WorldPose: A World Cup Dataset for Global 3D Human Pose Estimation (2501.02771v2)

Published 6 Jan 2025 in cs.CV

Abstract: We present WorldPose, a novel dataset for advancing research in multi-person global pose estimation in the wild, featuring footage from the 2022 FIFA World Cup. While previous datasets have primarily focused on local poses, often limited to a single person or in constrained, indoor settings, the infrastructure deployed for this sporting event allows access to multiple fixed and moving cameras in different stadiums. We exploit the static multi-view setup of HD cameras to recover the 3D player poses and motions with unprecedented accuracy given capture areas of more than 1.75 acres. We then leverage the captured players' motions and field markings to calibrate a moving broadcasting camera. The resulting dataset comprises more than 80 sequences with approx 2.5 million 3D poses and a total traveling distance of over 120 km. Subsequently, we conduct an in-depth analysis of the SOTA methods for global pose estimation. Our experiments demonstrate that WorldPose challenges existing multi-person techniques, supporting the potential for new research in this area and others, such as sports analysis. All pose annotations (in SMPL format), broadcasting camera parameters and footage will be released for academic research purposes.

Summary

The paper introduces WorldPose, a large-scale dataset featuring over 2.5M 3D human poses captured during the 2022 FIFA World Cup.
It employs robust multi-view and broadcast camera calibration techniques integrated with the SMPL model, achieving an average 8 cm joint error.
The dataset enhances sports analytics by challenging existing multi-person pose estimation methods in expansive, real-world outdoor environments.

An Overview of "WorldPose: A World Cup Dataset for Global 3D Human Pose Estimation"

The paper introduces "WorldPose," an innovative dataset purpose-built for advancing research in the domain of multi-person global 3D human pose estimation.
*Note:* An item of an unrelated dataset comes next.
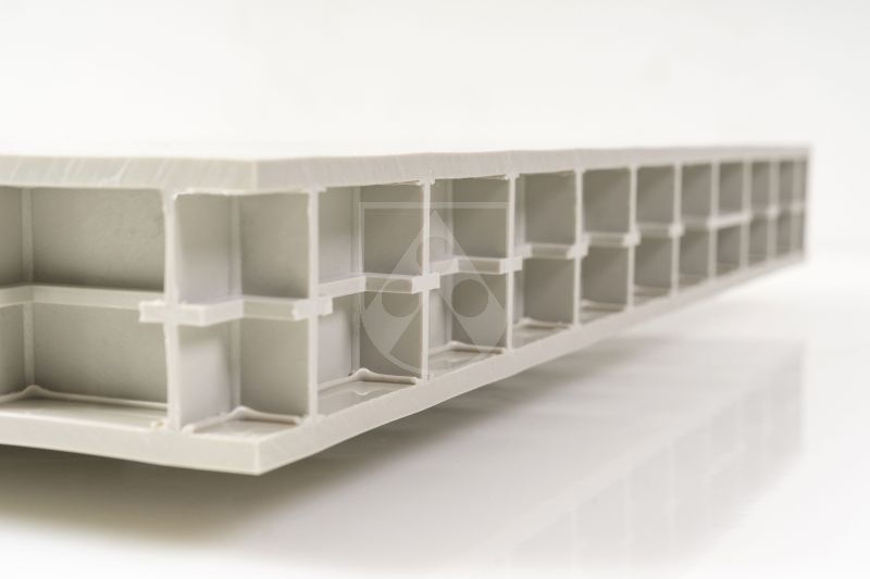 Die Reinhard Krüger Kunststoffbau GmbH hat sich deswegen dafür entschieden, Auffangwannen für Doppelspülen in der Galvanikindustrie aus der von Röchling neu entwickelten Hohlkammerplatte Polystone® P CubX® zu fertigen. Für Auffangwannen mit einer Höhe von bis zu 1000 mm ermöglicht Polystone® P CubX® eine Konstruktion vollständig ohne Stahlverstärkungen. So entfällt das aufwändige Verschweißen von Verstärkungsprofilen.

The dataset originates from a unique opportunity presented by the 2022 FIFA World Cup, enabling the capture of realistic, in-the-wild data that pushes the boundaries of what previous datasets have offered.

Dataset Composition and Significance

WorldPose is distinguished by its scale and detail, incorporating footage captured via extensive infrastructure at multiple stadiums, featuring both fixed and moving camera setups. The dataset comprises over 80 sequences and delivers approximately 2.5 million annotated 3D poses, spanning a player movement distance totaling over 120 km. This scale marks a significant improvement over existing datasets, particularly in terms of multi-view and multi-person data captured in expansive, unconstrained outdoor environments. By employing the SMPL model for pose representation, WorldPose provides rich shape and pose data that challenge existing pose estimation methods.

Methodological Insights

The methodology for dataset creation leverages multi-view static cameras, known for providing reliable calibration results when combined with careful manual refinement. Key components of the methodology include:

Static Camera Calibration: This phase involves treating the soccer pitch as a planar surface initially, followed by refinement using a non-linear optimization to accommodate field crown effects and lens distortion.
3D Human Pose and Shape Estimation: Following calibration, player bounding boxes are detected, and 2D keypoints are identified using refined state-of-the-art models. These keypoints are then triangulated into 3D joint positions and integrated into the SMPL model framework. The dataset thus captures dynamic player movements with accuracy and continuity that support robust analysis.
Broadcasting Camera Calibration: The paper addresses challenges associated with moving cameras, incorporating a semi-automated calibration approach augmented with constraints from player poses and field markings for smoother tracking.

Implications and Future Directions

The paper performs rigorous evaluation using Vicon data as a benchmark, demonstrating the dataset's accuracy with an average error of just 8 cm per joint. Evaluations of state-of-the-art methods like GLAMR and SLAHMR on WorldPose highlight issues these methods face, such as estimating correct relative positioning across multiple players.

WorldPose is poised to impact several domains significantly. Beyond standard pose estimation challenges, it opens new avenues in sports analytics, enabling enhanced analyses of team dynamics, strategy, and individual performance assessment. The real-world, high-resolution nature of the dataset signifies its potential to aid in training and evaluating deep learning models under realistic and challenging conditions.

Moreover, the insights gleaned from the dataset's creation methodology and evaluations suggest avenues for improvement in SLAM algorithms and pose estimation networks, particularly regarding robustness in unconstrained environments with significant inter-player interactions.

In conclusion, WorldPose emerges as a pivotal dataset in the field of Computer Vision, setting a new benchmark for multi-person 3D pose estimation. Looking ahead, expanding the dataset to include more diverse activities and events can further enhance its applicability and aid the rapid evolution of pose estimation models tailored for real-world applications.